## Material supplied
....

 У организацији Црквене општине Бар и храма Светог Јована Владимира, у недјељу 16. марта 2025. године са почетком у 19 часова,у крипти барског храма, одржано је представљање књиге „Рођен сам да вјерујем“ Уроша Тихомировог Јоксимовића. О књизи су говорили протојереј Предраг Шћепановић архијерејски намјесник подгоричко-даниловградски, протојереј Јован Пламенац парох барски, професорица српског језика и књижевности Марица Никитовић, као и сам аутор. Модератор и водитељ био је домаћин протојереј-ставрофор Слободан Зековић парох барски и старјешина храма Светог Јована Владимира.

....

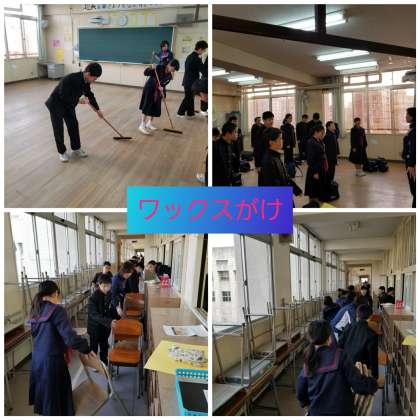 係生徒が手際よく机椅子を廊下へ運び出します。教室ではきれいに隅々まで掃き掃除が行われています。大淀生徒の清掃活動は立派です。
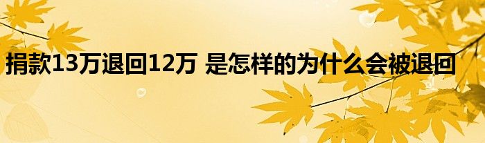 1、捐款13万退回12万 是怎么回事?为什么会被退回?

....

## Goal of the exercise
Leaving out the pictures, please output the lines in the entries above from the one with "係生徒が手際よく机椅子を廊下" through the one with "1、捐款13万退回12万 是怎么回事?为什么会被退回?", exactly as they are.

## Answer for this exercise
 係生徒が手際よく机椅子を廊下へ運び出します。教室ではきれいに隅々まで掃き掃除が行われています。大淀生徒の清掃活動は立派です。
 1、捐款13万退回12万 是怎么回事?为什么会被退回?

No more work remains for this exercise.